Fr Kevin Hegarty
One of the staples of radio and television schedules, at Christmas time in the past, were the stories of Eamon Kelly, the Kerry seanchaí. He told marvellous tales of Christmas in Kerry during his boyhood. I remember him telling of the Kerry farmer who travelled by pony and trap to shop in Cahirciveen on Christmas Eve. Shopping completed rapidly - the word ‘shopaholic’ was not in his lexicon - he yielded to the temptation of the pub. As he did not want his relatives in the town to know he was on the ‘tear’, he adjourned to the ‘snug’, the small room pubs then provided to accommodate those who wished to drink privately.

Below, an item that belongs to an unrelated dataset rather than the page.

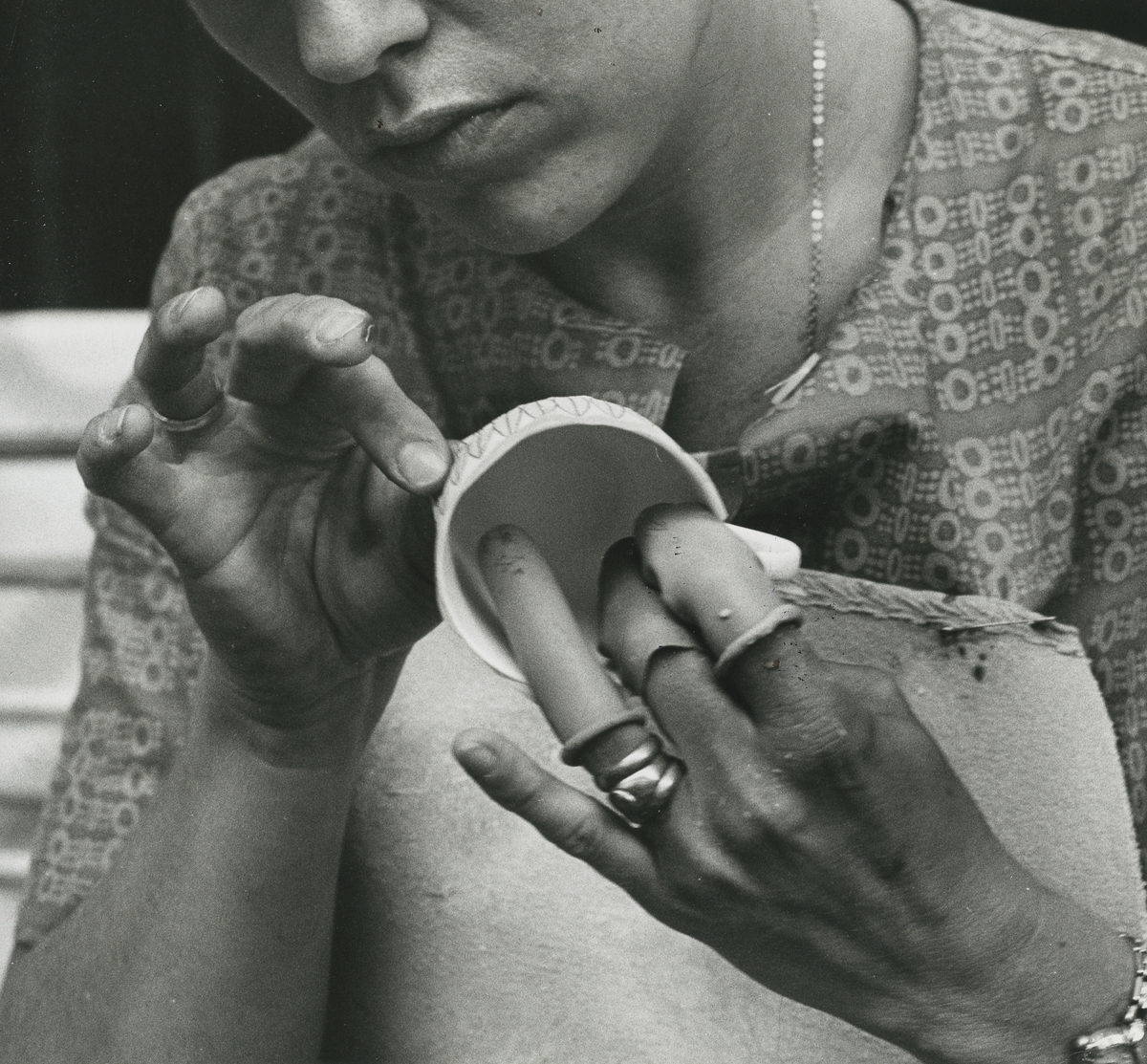 Detaljbild. Fastsättning av cromotryck på kaffekopp. Hushållsporslinsfabriken.
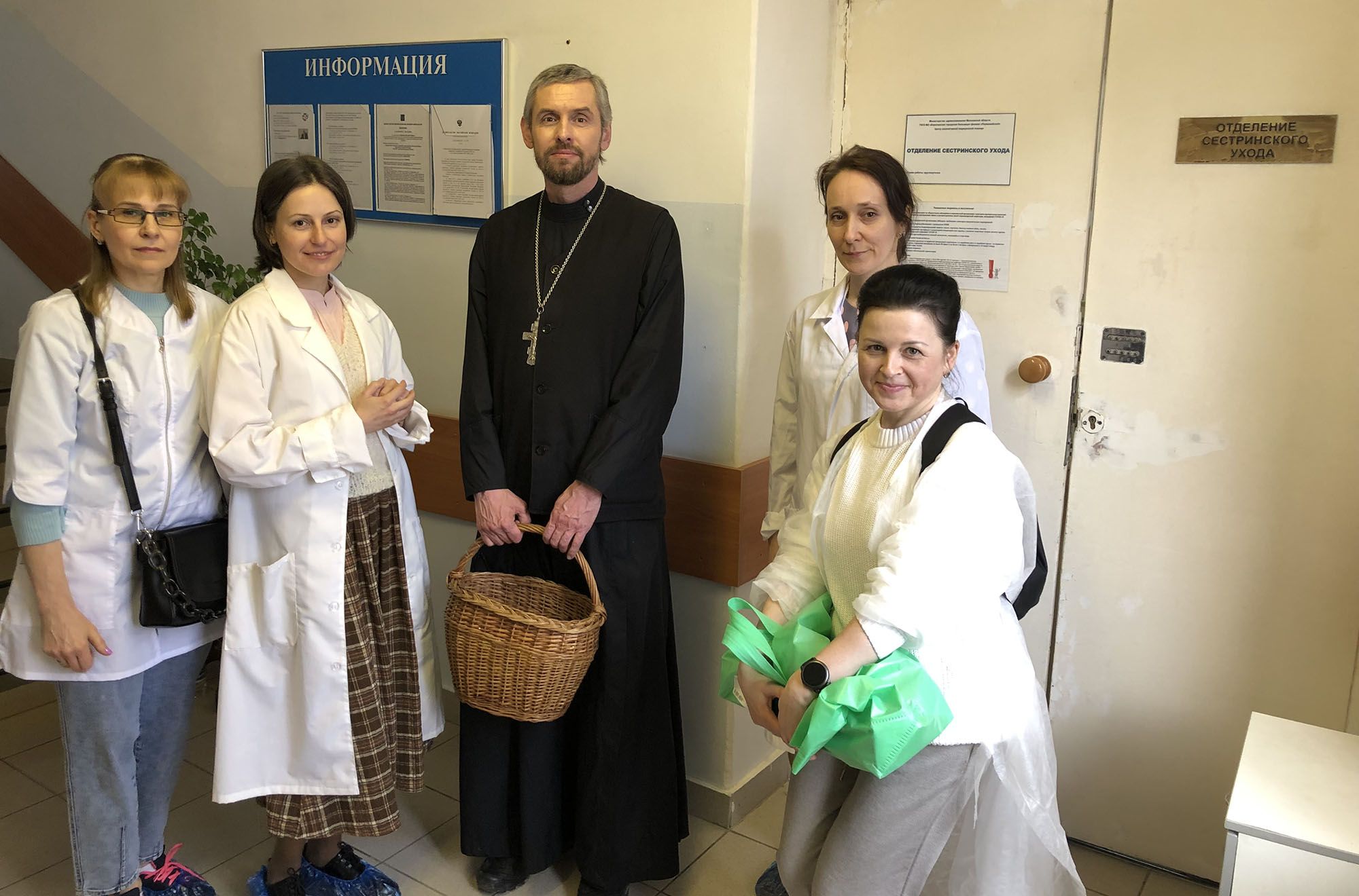 27 апреля настоятель храма Владимира Священномученика г. Королёва священник Глеб Козлов совместно с представителями волонтёрского движения Королёвского благочиния и при поддержке заместителя благочинного настоятеля Серафимовского храма г. Королёва протоиерея Александра Бекещенко поздравил с великим праздником Светлого Христова Воскресения персонал и пациентов медицинских учреждений города: отделений онкологии, неврологии, хирургии, гинекологии и кардиологии ГБУЗ МО «Королёвская городская больница» и Отделения паллиативной медицинской помощи микрорайона Первомайский. Затем вместе с волонтёрами вручили пациентам и персоналу указанных отделений небольшие подарки - освящённые яйца и куличи, Евангелия и книги по акции «Пасхальная весть». Для Отделения паллиативной медицинской помощи микрорайона Первомайский г. Королёв кроме этих небольших подарков волонтёрами были закуплены и подарены средства гигиены, памперсы, одноразовые впитывающие простыни, одноразовые бритвенные станки, йогурты, другие продукты и даже очки для одного из пациентов.

After satisfying his thirst (too well), he started on his journey home, into the vastness of south Kerry, stopping first at the Daniel O’Connell Church, for confession.
There was a big crowd awaiting absolution. By the time he entered the confession box he felt drowsy. He fell asleep, as the priest kept the person on the other side of the box for a long time. Startled by the eventual pulling back of the curtain of the grille, he uttered the immortal words: “The same again and turn on the lights in the snug!”
My favourite time of Christmas is late on Christmas Eve, those sacred hours between the end of the flurry of shopping and midnight Mass. Awe is in the air. Our ordinary landscape is touched by the transcendent. It seems as if the spiritual and natural worlds meet in an unusual harmony. Patrick Kavanagh captures it so well in ‘A Christmas Childhood’.
“My father played the melodeon
Outside at our gate;
There were stars in the morning east
And they danced to his music.
Outside in the cow house my mother
Made the music of milking;
The light of her stable-lamp was a star
And the frost of Bethlehem made it twinkle.
Cassiopeia was over
Cassidy’s hanging hill,
I looked and three whin bushes rode across
The horizon – the Three Wise Kings.”
Even non-believers can be affected by the atmosphere. Thomas Hardy, the novelist and poet, lost his belief in Christianity, but on one Christmas Eve, contemplating the nativity, found himself ‘hoping it might be so’.
On Christmas Eve and Christmas Day, especially, joy, generosity and goodwill are in the air. In his autobiography, ‘An Only Child’, Frank O’Connor tells of calling to a convent as a young boy, with his mother, who had once worked there. A young nun brought him to visit the crib. He was distressed to see that the baby Jesus had no toy: “I asked the young nun politely if the Holy Child didn’t like toys and she replied composedly enough, ‘Oh he does but his mother is too poor to afford them’. That settled it. My mother was poor too, but at Christmas she at least managed to buy me something even if it was only a box of crayons. I distinctly remember getting into the crib and putting the engine between his outstretched arms. I probably showed him how to wind it as well, because a small baby like that would not be clever enough to know. I remember too the tearful feeling of reckless generosity with which I left him there in the nightly darkness clutching my toy engine to his chest.”
The great poets of the First World War have ensured that the horror of that conflagration will never be forgotten. In the darkness there was a glimmer of light. Paul McCartney recorded a song, some years ago, on the unofficial ceasefire between British and German troops, on the Western Front, at Christmas 1914. Last October, a letter recalling this extraordinary event came to light. The letter, dated December 25, 1914, from a young private, identified only as ‘Boy’, records his wonder and relief at one of the most remarkable moments in military history. In the five-page letter, he tells of how on Christmas Eve the Germans began placing ‘lights all long the trenches and calling over to us and wishing us Happy Christmas’. He describes exchanges of buttons and balaclavas, haunting renditions of ‘Silent Night’ in German and English, and a football match with men he had been trained to kill.
Distilled in these stories is the true spirit of Christmas. It does not last, of course, sometimes it seems as beautiful and fleeting as a rainbow on a damp autumn evening. How do we make the moment last, as the Barry’s Tea advertisement puts it? Let’s not get into that now. There can be too much preaching and not enough quiet reflection. For now let us just savour the wonder of incarnation.